The above answer does not constitute an attorney client relationship and/ or retention of counsel. This answer is based upon the facts presented and may change if additional information is provided. The rules of the Bar for New York State may require me to advise that this could be construed as attorney advertisement.


Disorderly conduct is a violation amd not a crime. Non fingerprintable offense means that you weren't fingerprinted and you do t have a rap sheet as a result of the incident. This means no criminal record. Don't sweat it, it really won affect employment.



Thanks. I'm just worried because I keep reading posts that people put online saying that a disorderly conduct shows up on background checks as well as your criminal record.


You did not plead to a crime so you don't have a criminal record and the records themselves will seal after the one year conditional discharge period is up. Once sealed, nothing should show up on a background search except for a jobs in law enforcement, which are exempt from the sealing statute.
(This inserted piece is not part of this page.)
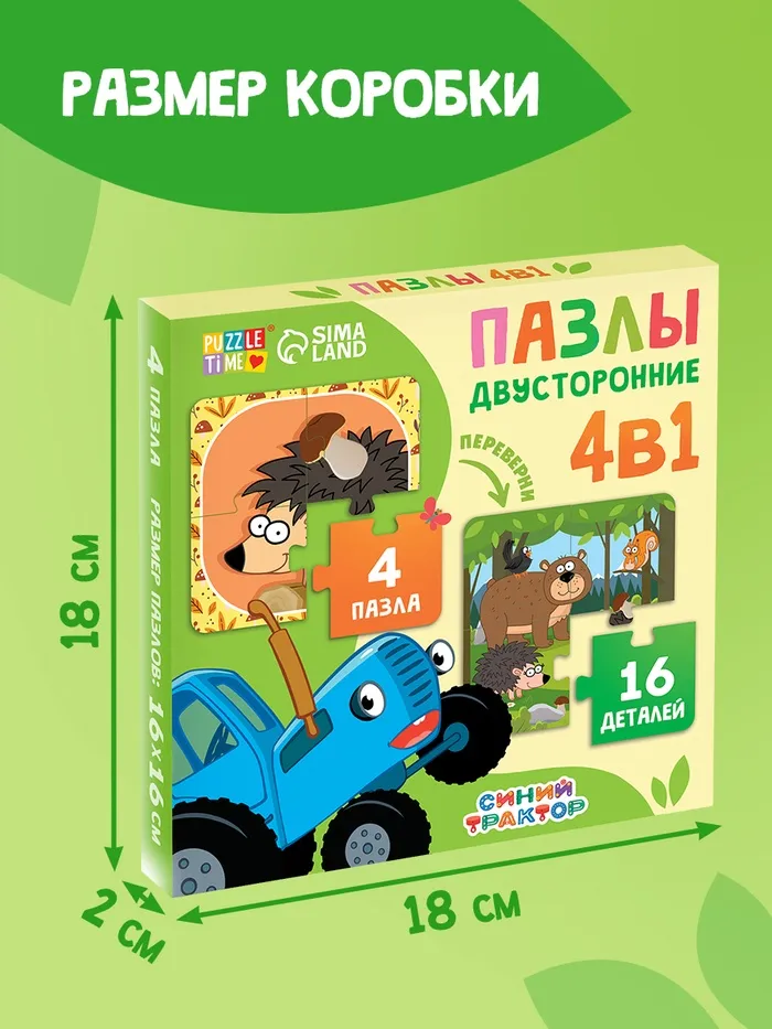 Пазлы 4в1 двусторонние «Друзья Синего трактора», 16 элементов — Характеристики

I am a former federal and State prosecutor and now handle criminal defense and personal injury/civil rights cases. Feel free to check out my web site and contact me at (212) 385-8015 or via email at The above answer is for informational purposes only and not meant as legal advice.



I read online that it can take up to 3 years for a conditional discharge to be erased from a background check. Or does that only apply to someone with a criminal record?